Why do I think it’s lame? Because word processors are format-centric platforms. There. I said it. You can make stylesheets that describe content, but you’re asking a lot to get people to use them. It’s so much easier to click the Bold button at 3am than to search through 1200 character styles to find the “scientifictermusedinchapteropener” style. And if you fail to capture the content information from the author, there’s no way your vendor or magical stylesheet-to-XML automator is going to be able to do it.

XML authoring tools are equally lame. They’re either so XML-geeky that an author is going to get lost amidst the flashing lights and smoke machines, or so “Friendly” that the authoring experience is reduced to filling out forms, which can be insulting to Someone Who’s Been Doing This For 25 Years (I’ve only Been Doing This For 14 Years and I’m outraged).

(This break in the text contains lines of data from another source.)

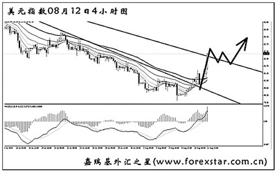 上周,澳大利亞央行首先將隔夜拆款利率目標(biāo)維持在4.50%,為連續(xù)第三個月維持不變。而英國央行和歐洲央行分別維持指標(biāo)利率在0.5%和1.0%的紀(jì)錄低點不變,英國央行也未宣布新的量化寬松購買計劃,符合市場的廣泛預(yù)期。 8月6日,美國勞工部公布了備受市場關(guān)注的7月非農(nóng)就業(yè)數(shù)據(jù),作為美國經(jīng)濟(jì)的頑癥,就業(yè)數(shù)據(jù)的意外疲軟進(jìn)一步加劇了市場對于美國經(jīng)濟(jì)前景的擔(dān)憂。數(shù)據(jù)顯示,美國7月非農(nóng)就業(yè)人數(shù)減少13.1萬人,預(yù)期減少6.3萬人,降幅超出預(yù)期。而失業(yè)率則持穩(wěn)在9.5%不變。美國7月非農(nóng)就業(yè)數(shù)據(jù)為經(jīng)濟(jì)復(fù)蘇正失去動能提供了進(jìn)一步的佐證。經(jīng)濟(jì)學(xué)家預(yù)計,美國失業(yè)率的下降會非常緩慢,這是因為求職者此前因求職遭挫,已經(jīng)停止在勞動力市場尋找就業(yè)機(jī)會,而這些人已被計入失業(yè)者行列。有跡象顯示美國勞動力市場正在持續(xù)疲軟,且通脹壓力依然存在。美聯(lián)儲8月10日宣布,將聯(lián)邦基金利率繼續(xù)維持在歷史最低點的零至0.25%的水平,并表示將購買更多國債以刺激經(jīng)濟(jì)復(fù)蘇。 美元指數(shù)在非農(nóng)數(shù)據(jù)的幫助下進(jìn)行了最后一波下攻,但成功守穩(wěn)在80.00的整數(shù)關(guān)口以上。本周開始,匯價自低位逐步反彈,首先將包含圖中MACD底背離點的下降趨勢線升破。此后美元指數(shù)的上行加速,由于道氏理論顯著高點阻力也告失守,預(yù)計美元指數(shù)在進(jìn)行一輪調(diào)整后將繼續(xù)向83.45一線發(fā)起沖擊。 下周需重點關(guān)注的財經(jīng)數(shù)據(jù)及事件包括:8月13日,歐元區(qū)公布第二季度GDP初值年率(前值0.6%)、美國公布7月零售銷售月率(前值-0.5%)、7月消費者物價指數(shù)月率及年率(前值-0.1%、+1.1%)、8月密歇根大學(xué)消費者信心指數(shù)初值(前值67.8);8月16日,日本公布第二季度實際GDP初值季率(前值+1.2%)、美國公布8月紐約聯(lián)儲制造業(yè)指數(shù)(前值5.08)、6月長期及國際資本凈流入(前值+150億、+175億美元);8月17日,美國公布7月生產(chǎn)者物價指數(shù)月率及年率(前值-0.5%、+2.8%)、7月新屋開工總數(shù)年化(前值54.9萬戶)、7月工業(yè)產(chǎn)出月率(前值+0.1%);8月19日,美國公布7月諮商會領(lǐng)先指標(biāo)(前值109.8)、8月費城聯(lián)儲制造業(yè)指數(shù)(前值5.1)。 |
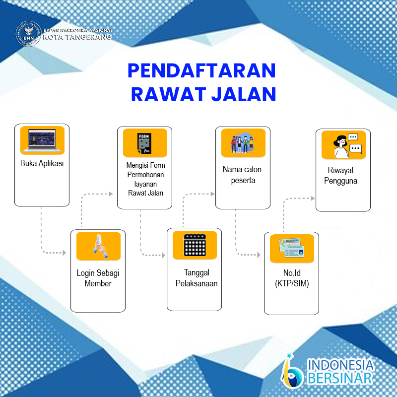 Pada layanan Rawat Jalan, member dapat mengusulkan Rehabilitasi Rawat Jalan untuk keluarga, kerabat, teman bahkan dirinya sendiri ke BNN Kota Tangerang melalui aplikasi SIPBNN. Berikut adalah Langkah-langkah untuk mengajukan rawat jalan pada aplikasi SIPBNN, antara lain :
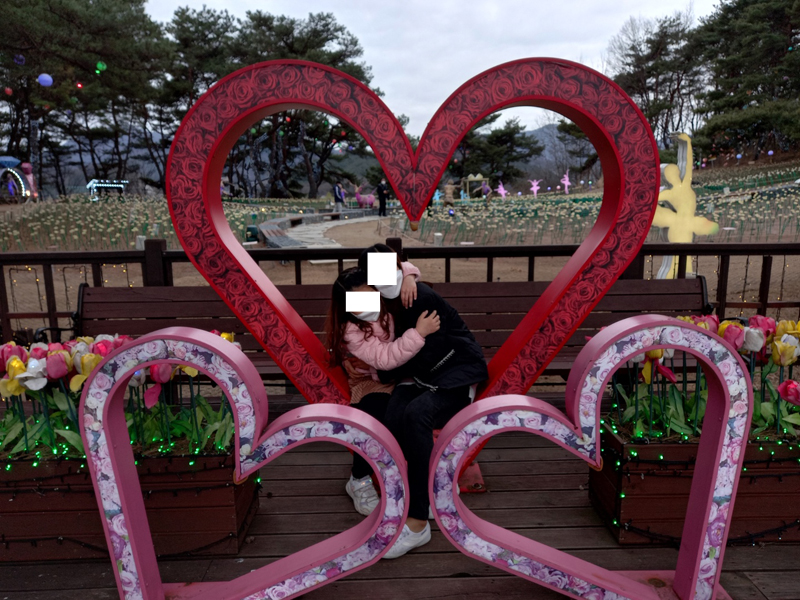 야외에는 다양한 led 꽃들과 조명 그리고 구석기인들의 생활 모습이 만들어져 있어 아이들이 무척이나 좋아하고 사진 촬영하기 좋은 곳입니다.
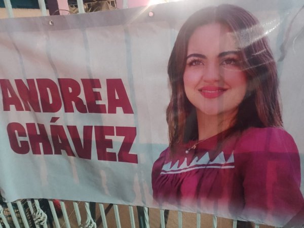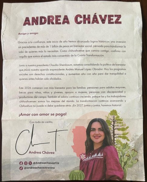 En la ciudad de Chihuahua circulan volantes de Andrea Chávez, con su imagen, vistiendo una blusa indígena, con un nopal y el mapa del Estado de fondo, e incluye la frase “en 2027, juntas y juntos haremos historia”, que recuerda la coalición electoral de MORENA, PT y el extinto PES oportunista, que postularon a AMLO en 2018.
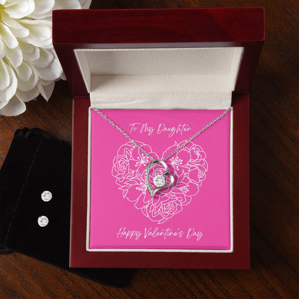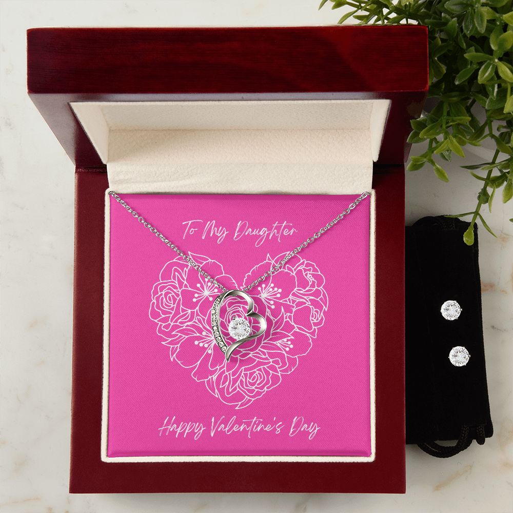 Pink Daughter Valentine's Forever Heart Necklace & Cubic Zirconia Earring Set
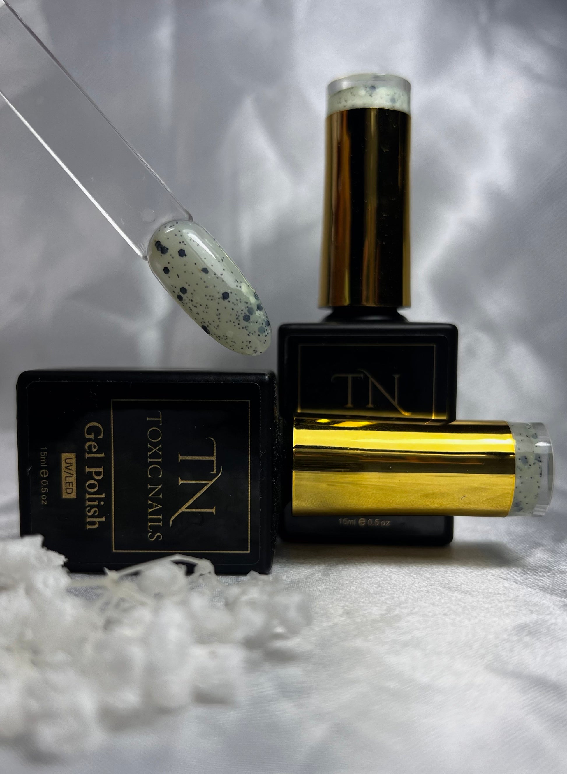 Apple swirl deze unieke nagellak combineert een levendige groene basis met speelse zwarte spikkels, perfect om een stijlvolle en opvallende look te creëren.
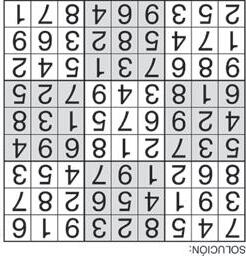 Complete el recuadro de tal manera que cada fila, columna y cuadro de 3x3 tengan los números del 1 al 9.
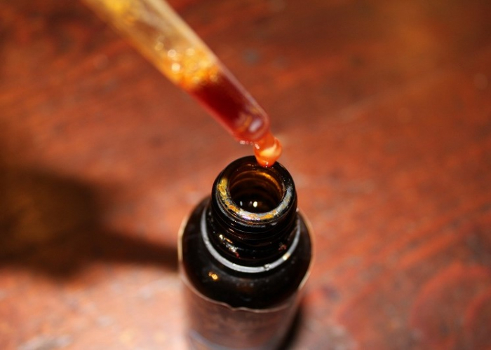 スポイドで1回に吸い上げられる量が、大体10滴くらいです。例えば、1日あたり30滴を1回で。または、10滴ずつを3回に分けて摂って頂いても良いです。一日の量については、ご自身の身体の調子によって90滴までの範囲で調整ください。スポイドで吸い上げる量(プッシュ回数)を目安にされると良いでしょう。
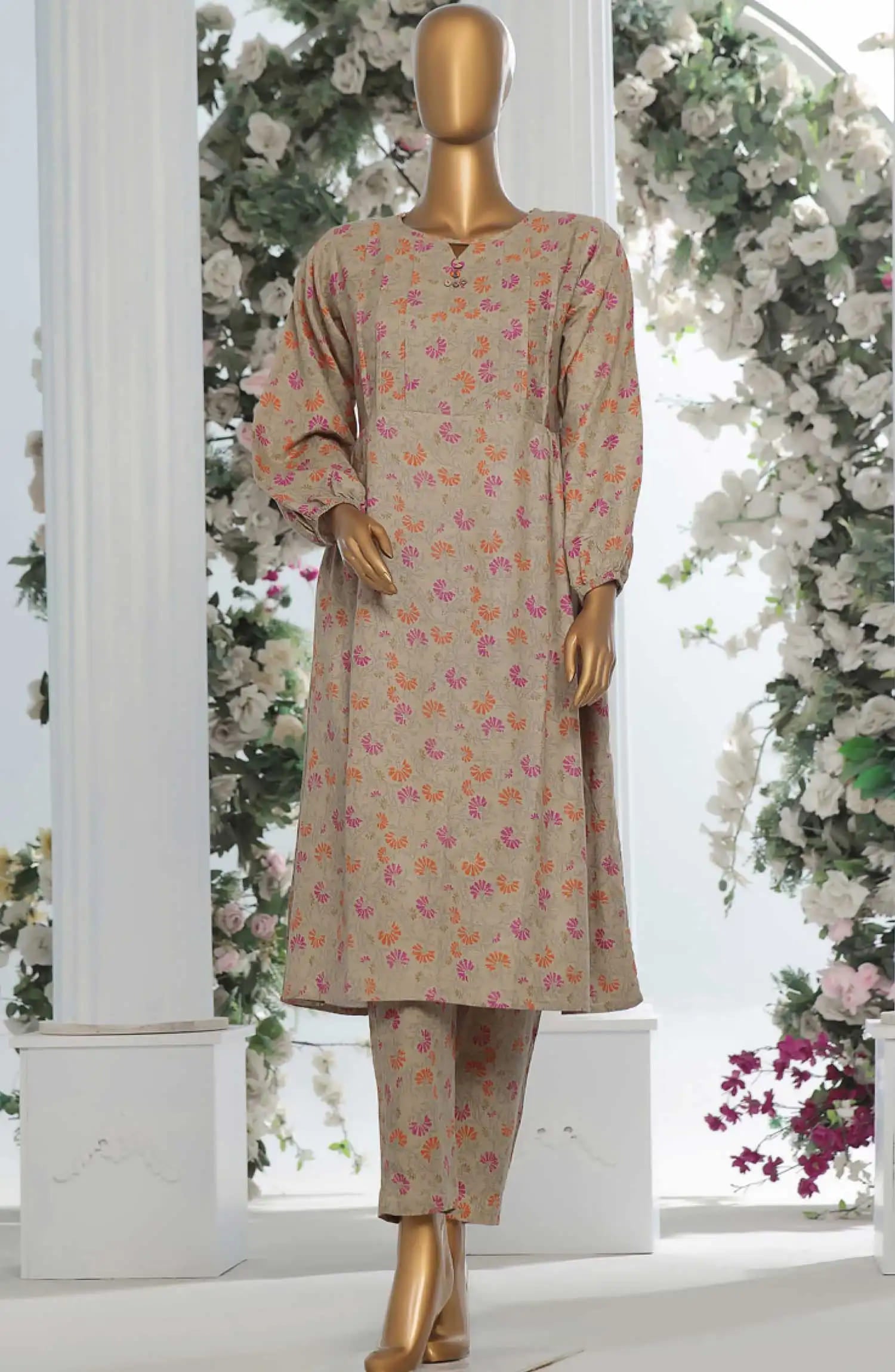 HZ Light Khaddar Frocks 2Pc Co Ords Vol 02-KPC 914 DARK BEIGE
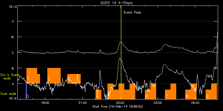 EIS Observation timeline overlay to GOES-Xray curve Code 1" 2" 40" 266" EIS Observations list for this event: STUDY ACRONYM ID DATE OBSERVED DESCRIPTION NOAA# TARGET 0 PRY_slot_contextLITE | 38784 | 2014/02/19 16:28:19 | Slot context for spicule observations | | Active Region TIMELINE ID DATE OBSERVED FITS FILE XCEN (+W/-E) YCEN (+N/-S) DUR ----------------------------------------------------------------------------------------------------------------- 38784 | 2014/02/19 16:28:19.000 | eis_l0_20140219_162819.fits.gz | -9878.95 | -9943.20 | 2m57s 1 vhh_slowar_sas_1h6m | 38785 | 2014/02/19 16:31:40 | Spicule observations with IRIS. | | Active Region TIMELINE ID DATE OBSERVED FITS FILE XCEN (+W/-E) YCEN (+N/-S) DUR ----------------------------------------------------------------------------------------------------------------- 38785 | 2014/02/19 16:31:40.000 | eis_l0_20140219_163140.fits.gz | -9854.98 | -9943.20 | 49m44s 38785 | 2014/02/19 16:48:57.000 | eis_l0_20140219_164857.fits.gz | -9854.98 | -9943.20 | 45m32s 2 vhh_slowar_sas_1h6m | 38786 | 2014/02/19 18:10:39 | Spicule observations with IRIS. | | Active Region TIMELINE ID DATE OBSERVED FITS FILE XCEN (+W/-E) YCEN (+N/-S) DUR ----------------------------------------------------------------------------------------------------------------- 38786 | 2014/02/19 18:10:39.000 | eis_l0_20140219_181039.fits.gz | -9854.98 | -9943.20 | 1h2m49s 3 vhh_slowar_sas_1h6m | 38787 | 2014/02/19 19:47:08 | Spicule observations with IRIS. | | Active Region TIMELINE ID DATE OBSERVED FITS FILE XCEN (+W/-E) YCEN (+N/-S) DUR ----------------------------------------------------------------------------------------------------------------- 38787 | 2014/02/19 19:47:08.000 | eis_l0_20140219_194708.fits.gz | -9854.98 | -9943.20 | 1h2m50s 4 PRY_footpoints_lite | 38772 | 2014/02/19 22:02:39 | Hot plasma properties in active region | | Active Region TIMELINE ID DATE OBSERVED FITS FILE XCEN (+W/-E) YCEN (+N/-S) DUR ----------------------------------------------------------------------------------------------------------------- 38772 | 2014/02/19 22:02:39.000 | eis_l0_20140219_220239.fits.gz | 610.67 | -72.19 | 26m22s 5 PRY_footpoints_lite | 38773 | 2014/02/19 22:59:13 | Hot plasma properties in active region | | Active Region TIMELINE ID DATE OBSERVED FITS FILE XCEN (+W/-E) YCEN (+N/-S) DUR ----------------------------------------------------------------------------------------------------------------- 38773 | 2014/02/19 22:59:13.000 | eis_l0_20140219_225913.fits.gz | 617.32 | -72.89 | 26m22s 38773 | 2014/02/19 23:25:38.000 | eis_l0_20140219_232538.fits.gz | 620.41 | -73.27 | 26m23s 38773 | 2014/02/19 23:52:04.000 | eis_l0_20140219_235204.fits.gz | 623.58 | -73.82 | 26m22s 38773 | 2014/02/20 00:18:29.000 | eis_l0_20140220_001829.fits.gz | 626.59 | -73.82 | 26m23s 38773 | 2014/02/20 00:44:55.000 | eis_l0_20140220_004455.fits.gz | 629.68 | -74.28 | 26m22s 6 PRY_footpoints_lite | 38774 | 2014/02/20 01:58:12 | Hot plasma properties in active region | 1977 | Active Region TIMELINE ID DATE OBSERVED FITS FILE XCEN (+W/-E) YCEN (+N/-S) DUR ----------------------------------------------------------------------------------------------------------------- 38774 | 2014/02/20 01:58:12.000 | eis_l0_20140220_015812.fits.gz | 638.17 | -75.05 | 26m23s 38774 | 2014/02/20 02:24:38.000 | eis_l0_20140220_022438.fits.gz | 641.19 | -75.36 | 26m22s 7 PRY_footpoints_lite | 38775 | 2014/02/20 03:35:13 | Hot plasma properties in active region | 1977 | Active Region TIMELINE ID DATE OBSERVED FITS FILE XCEN (+W/-E) YCEN (+N/-S) DUR ----------------------------------------------------------------------------------------------------------------- 38775 | 2014/02/20 03:35:13.000 | eis_l0_20140220_033513.fits.gz | 649.22 | -76.36 | 26m22s 38775 | 2014/02/20 04:01:38.000 | eis_l0_20140220_040138.fits.gz | 652.16 | -76.60 | 26m22s 8 PRY_footpoints_lite | 38776 | 2014/02/20 05:12:42 | Hot plasma properties in active region | 1977 | Active Region TIMELINE ID DATE OBSERVED FITS FILE XCEN (+W/-E) YCEN (+N/-S) DUR ----------------------------------------------------------------------------------------------------------------- 38776 | 2014/02/20 05:12:42.000 | eis_l0_20140220_051242.fits.gz | 660.11 | -77.45 | 26m22s 38776 | 2014/02/20 05:39:07.000 | eis_l0_20140220_053907.fits.gz | 663.13 | -77.75 | 26m23s 9 PRY_footpoints_lite | 38777 | 2014/02/20 06:50:12 | Hot plasma properties in active region | 1977 | Active Region TIMELINE ID DATE OBSERVED FITS FILE XCEN (+W/-E) YCEN (+N/-S) DUR ----------------------------------------------------------------------------------------------------------------- 38777 | 2014/02/20 06:50:12.000 | eis_l0_20140220_065012.fits.gz | 670.93 | -78.60 | 26m22s 38777 | 2014/02/20 07:16:38.000 | eis_l0_20140220_071638.fits.gz | 673.86 | -79.07 | 26m22s : Check study information : Download file : View thumbnails For this event, also check for:

Nothing that I’ve seen has been able to find a middle ground. Maybe I’m not as good at googling as I think I am, and there IS something out there that mixes the familiarity of a word processor with the rigor of an XML markup tool (though I found this, this, and this in under 15 seconds, so I’m clearly pretty good at googling).

Until somebody makes the “just-right” authoring tool, we’ll all have to deal with the “existing” ones. I’d think about who your authors are, and how comfortable they are with technology. If your company is like my company, the answer is “they are all different with different comfort levels technology-wise”. If that’s the case then you might need more than one pathway to XML-land.

A handy thing to do is make a list of criteria for choosing an authoring tool. And by that I mean have your authors make a list of criteria for choosing an authoring tool. They’re the ones who are going to be using it all day. They might ask for crazy things like “ease of use” and “intuitive interface” but that’s what you’re going to have to look for.

Find a bunch of authoring tools, download the demos, and . . . what. Start writing in XML? Have your authors try them out? Really? Writing WHAT in XML? I wasn’t kidding about the whole “work up-front” thing. You can’t just buy an authoring tool and start writing. There’s a bit missing. What KIND of XML are you making? Whether you can see them onscreen or not, there are tags in there. What are they?

You, my friend, need a content model.

Is This What a Kindle Killer Looks Like?

One of the coolest things I saw and held at the O’Reilly Tools of Change conference was the Plastic Logic Reader.


As I played with it, two words came to mind: Kindle Killer. Yes, I know you won’t be able to buy a Plastic Logic reader until 2010. Yes, I know Amazon is bigger than the Milky Way, Coca-Cola, and Andre the Giant put together. I also know that what I held was like an iPod and the Kindle, even the much-improved Kindle 2, is like a Zune. During the session breaks attendees were swarmed around the Plastic Logic display asking questions and pawing at the thing. I had to trample to two authors and a developer to get my hands on one.

Plastic Logic is positioning the product as more professional and business-oriented than the Kindle, but from what I’ve seen it’s just a more compelling device, period. In my view, the Plastic Logic reader has three killer advantages over the Kindle: size, touchscreen, and file format support. Plus, I’m betting there’s an ace in the hole.

The touchscreen technology supports gestures for navigation, annotation, and note taking. You can draw on the screen, and attach notes. The touchscreen also allows for a virtual keyboard. I’ve never liked the Kindle’s look because of the keyboard. Maybe I’ve been brainwashed from years of iPod UI, but if it’s a reading device, the vast majority of the surface area should be devoted to reading.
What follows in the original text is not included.